“We graduated from on top of a mountain!”
Graduating seniors from a high school in New Hampshire did more to celebrate their completion of high school than just a drive-by graduation with their friends, though they got that as well throughout this multiday event. Each student received their own private celebration with their loved ones from on top of a mountain.
The Kennett High School’s ski lift graduation at nearby Cranmore Mountain resort began with a scenic 10-minute ride to the top of the mountain where students found their diploma on a music stand and had their pictures taken at a podium with their guests. Next, the group meandered down a short path to a log hut for a second photoshoot.
“The backdrop there is just spectacular,” says Principal Kevin Carpenter. “But the best moment was when they rode back down the mountain because you can see everything, and it’s stunning. We couldn’t have scripted this any better.

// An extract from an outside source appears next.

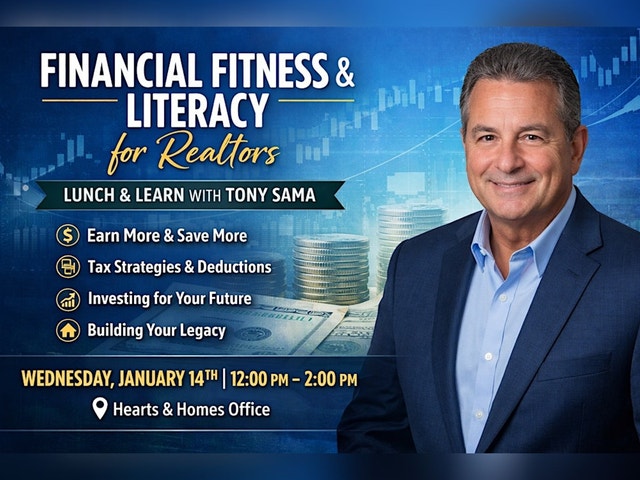 Are you ready to take control of your finances and maximize your earning, saving, and investing potential in 2026? Join us for a FREE Financial Fitness & Literacy Lunch + Learn specially designed for Realtors! 📅 Wednesday, January 14th 🕛 12:00pm – 2:00pm 📍 Hearts & Homes Office - 1826 SE Port St Lucie Blvd. What to Expect: 🎓 Expert financial guidance by Tony Sama, CEO of TMI & Associates, Inc. — a trusted financial advisory firm with 30+ years helping individuals and small business owners grow income, reduce taxes, and build long-term wealth. TMI Associates Business Services [https://www.tmiassociates.net/about-us.html?utm_source=chatgpt.com] 🍽️ Complimentary lunch 🤝 Networking with local Realtors 💡 Actionable strategies on: • How to structure your business for financial success • Smart tax strategies every agent should use • What you can (and can’t) write off • How to manage cash flow like a top producer • The financial habits that lead to long‑term wealth Whether you’re just starting your real estate journey or looking to level up your financial strategy, this event will empower you with clarity and confidence. Seats are limited — reserve your spot today! 👉 Register Now!

It was like everything just fell into place.”
Preparing a ski lift graduation
Once the site was chosen, planning graduation involved a core team of administrators convening every week and forming a larger group of students, parents, teachers and school board representatives to make sure every facet of the school had a voice.
School leaders first scouted the site in advance to put a preliminary plan in place and then again with photographers and videographers to build the logistics.
“Planning graduation was the biggest part of the process because we wanted to ensure we were following all of the health guidelines,” says Carpenter. This included allocating waivers in advance to students and contacting the department of education as well as the governor’s office.
Getting ready to ascend
On graduation day, students arrived at different times to keep the numbers down and stayed in their cars until 10 minutes prior to their time on the chair lift. Each group went up every two minutes.
“Students got to take up to four guests with them, and since these chairlifts carry four people, we separated them into groups of three and two in every other chair, never consecutively,” says Carpenter. “We had to have teachers volunteer to help make this happen.”
The sky’s the limit
The school stretched out the ceremony into a three-day event that began with publishing prerecorded videos of their graduation speeches and the scholarship awards on YouTube, which also aired on the local cable channel the night before the ski lift graduation.
On the third day, students rode in a caravan that started at the school and drove throughout the town. “That was the only time we put all of the kids together, so it was a nice way to finish,” says Carpenter.
“Not every community has a ski resort but every community has something to offer that will make graduation special,” he adds. “In fact, the kids didn’t feel like they were settling for this. Maybe we’ll rethink graduation going forward.”